How to handle running mean and variance of BatchNorm layer in distributed settings?

zazzyy · November 9, 2017, 5:28am

Hi,

I wondering how can I update running_mean and running_var under distributed master-worker cluster settings?

To be more specific, I’m using parameter server setting such that in each cluster, only one node (which is parameter server presented by this paper https://www.cs.cmu.edu/~muli/file/parameter_server_osdi14.pdf) hold the model while other node serve as worker nodes and compute gradients. Data are evenly split among workers, i.e. each worker holds a subset of dataset. During the model update stage, parameter server gather gradients from each workers say g_1, ..., g_n with respect to each worker node, average them, and using the averaged gradients to update the “global model” (i.e. w := w - lr * 1/n \sum_{i=1}^n g_i, in which w is the global model, n represents n worker nodes, lr is the learning rate).

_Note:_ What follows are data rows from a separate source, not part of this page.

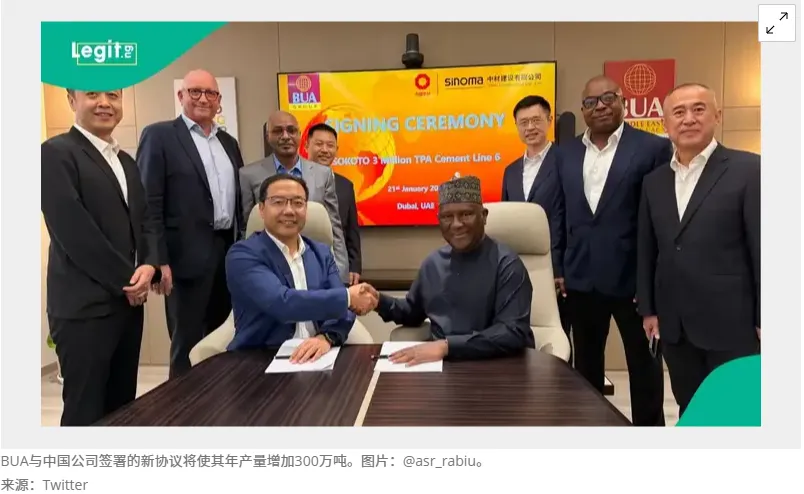 非洲华人先锋报1月26日讯 近日,尼日利亚知名企业 BUA 水泥(BUA Cement Plc)宣布与中国工程公司 CBMI 签署一份价值 2.4 亿美元的合作协议 —— 将在尼日利亚索科托工厂新建一条年产能 300 万吨的水泥生产线。这一项目不仅是双方 15 年合作的延续,更将推动 BUA 水泥总产能突破 2000 万吨,为尼日利亚北部基建发展注入关键力量。
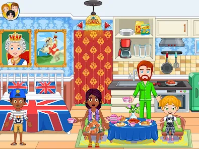 * Fun Locations We have created many exciting new locations for kids to play and explore: Feed pigeons in Trafalgar square, visit the Queen at her Buckingham Palace, sleep at the local bed & breakfast hotel. Is it tea time already? Visit the luxurious tea house and nearby Fish and Chips shop and of course, go shopping and dress up at the fashion store!
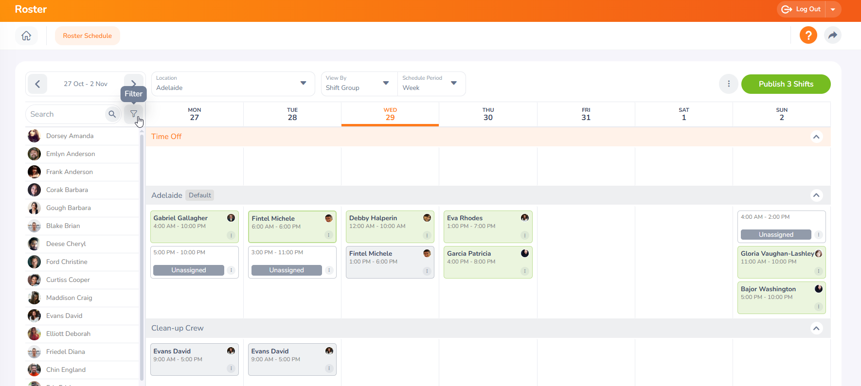 Step 01 - Click on the Filter button located at the top-left corner of the employee list on the left side of the roster.
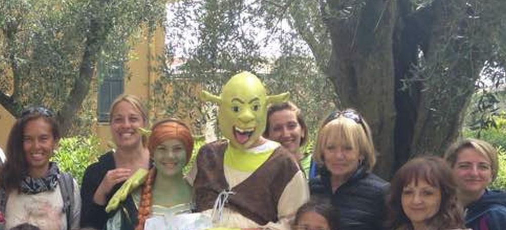 Super eroi come l’uomo ragno che sbucano all’improvviso, cartelli con frasi profonde, pupazzi dei animati, suonatori di chitarra nel bosco e tante altre sorprese mentre gli escursioni passeggiano tra le colline e i sobborghi della zona.
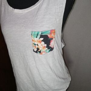PINK Victoria's Secret White Tank Top Casual Style Floral Pocket
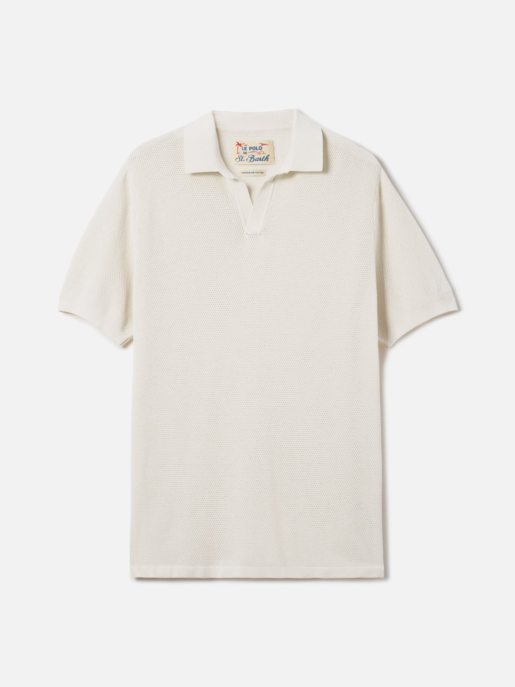 Round Jetleg beige linen weekender with contrasting embroidered logo
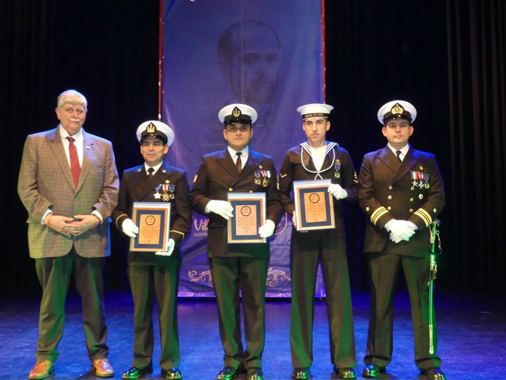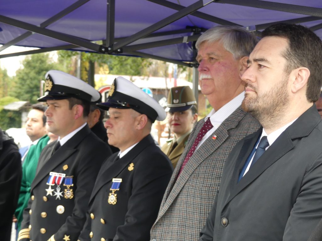 La jornada de conmemoraciones también sirvió para entregar reconocimientos, por años de servicio, a personal de la Armada, que labora en la Capitanía de Puerto Lago Villarrica, a cargo del capitán de corbeta Paul Hudson, quien valoró los eventos. “Estamos muy contentos y agradecidos por las oportunidades, por seguir las tradiciones patrias en esta hermosa comuna de Villarrica, el mismo día de la ceremonia nacional, así que agradecidos del Alcalde, del Concejo, de las autoridades que se hicieron presentes en estas ceremonias y de todos los participantes, en especial la comunidad escolar”.
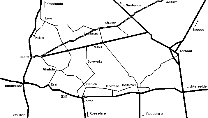 Deze weg loopt via Koekelare, Ichtegem,Aartrijke en langs Zedelgem tot in Brugge.

I figured this out and it works fine for models without BatchNorm layer e.g. LeNet. But when things come to more complex network say ResNet, during I tried to evaluate the model hold on parameter server, it performs like the model is not even trained. In my version, I only updated the BatchNorm.weights and BatchNorm.bias, which can be accessed from model.parameters() on the parameter server while leaving the running_mean and running_var unchanged on parameter server.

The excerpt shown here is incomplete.